Quantum Computing Company

planqc is a quantum computing company based in Garching. Founded in 2022 as a spin-off from the Max Planck Institute of Quantum Optics, the company develops quantum processors that use neutral atoms trapped in optical lattices of light to perform computations.

== History ==
planqc was founded in 2022 by Alexander Glätzle, Sebastian Blatt, and Johannes Zeiher as the first spin-off from the Max Planck Institute of Quantum Optics within the Munich Quantum Valley initiative. The company is part of broader European efforts to develop locally built quantum computing technologies.
The company’s founders and leadership include researchers formerly affiliated with the University of Oxford, Harvard University, and the University of California, Berkeley.

In the same year, planqc secured seed funding of approximately €4.6 million from UVC Partners and Speedinvest to support the development of its neutral-atom quantum processors. Among the investors were Hermann Hauser, Ann-Kristin Achleitner, and Markus Wagner, who also joined the company's advisory board.

planqc’s scientific advisory board includes researchers in quantum physics, such as Immanuel Bloch, J. Ignacio Cirac, Artur Ekert, Dieter Jaksch, and Markus Müller.

In 2023, the company was selected by the German Aerospace Center (DLR) to develop a 1,000-qubit quantum computer under a contract valued at approximately €29 million.

In 2024, planqc was selected to lead a €21 million project to build a 1,000-qubit system integrated into the Leibniz Supercomputing Centre (LRZ) high-performance computing infrastructure. The initiative forms part of Germany’s broader national quantum-computing programme, in which neutral-atom systems are being developed for scalable hardware and for applications in scientific and industrial simulation. The same year, the company completed a €50 million Series A funding round led by CATRON Holding and DTCF. In parallel, the German Federal Ministry for Economic Affairs and Climate Action (BMWK) announced an investment to support planqc’s further development.

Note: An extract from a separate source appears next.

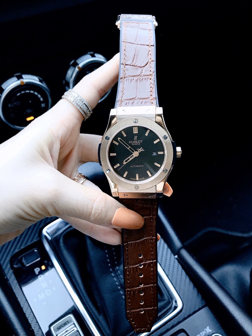 Đồng hồ hublot nam cơ kinh điển màu nâu lịch lãm.
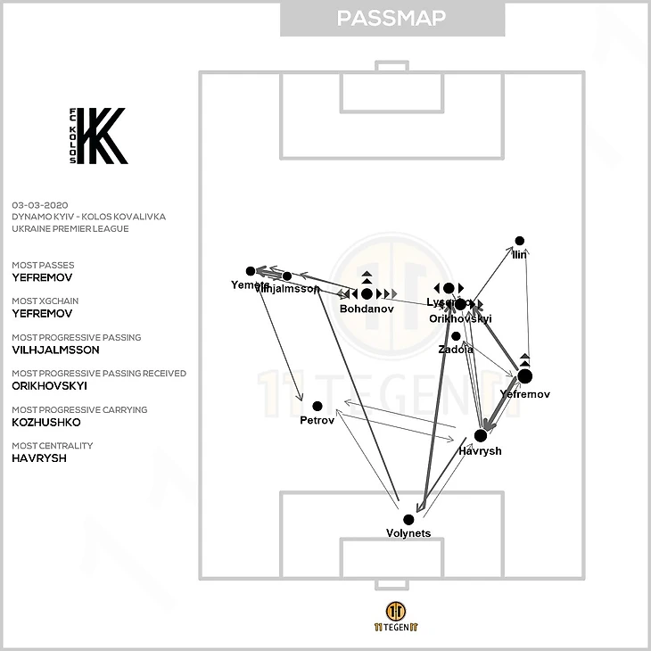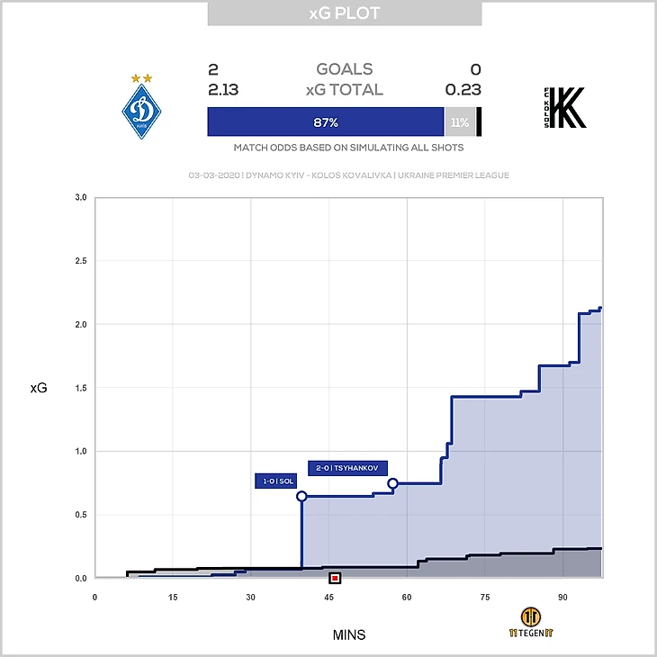 По моему мнению подходы Колоса были опаснее атак Динамо, однако им не хватило качества исполнения в финальной трети поля. Гол киевлян не вытекал из игры и скорее был случайностью. И это против худшей команды УПЛ по xGA(допущенным моментам).

In 2025, planqc announced collaborations with the European Space Agency (ESA), Airbus, the Fraunhofer Institutes, and the consulting firm d-fine, to explore industrial applications of quantum computing, including materials science, climate modeling, and mobility optimization.
The work also includes joint research with the Technical University of Munich on quantum-based algorithms for aerodynamics and aircraft-stability simulations.

Later that year, planqc received the Deutscher Gründerpreis (German Founders Award) in the “Start-up” category.
== Technology ==
planqc builds quantum processors using ultracold neutral atoms confined in optical traps. Neutral-atom platforms are used internationally as an alternative route to scalable quantum processors, with multiple industrial groups developing architectures based on programmable atom arrays.
The atoms are manipulated using laser pulses to implement qubits and quantum gates. The platform operates at room temperature and is designed for integration into high-performance computing systems.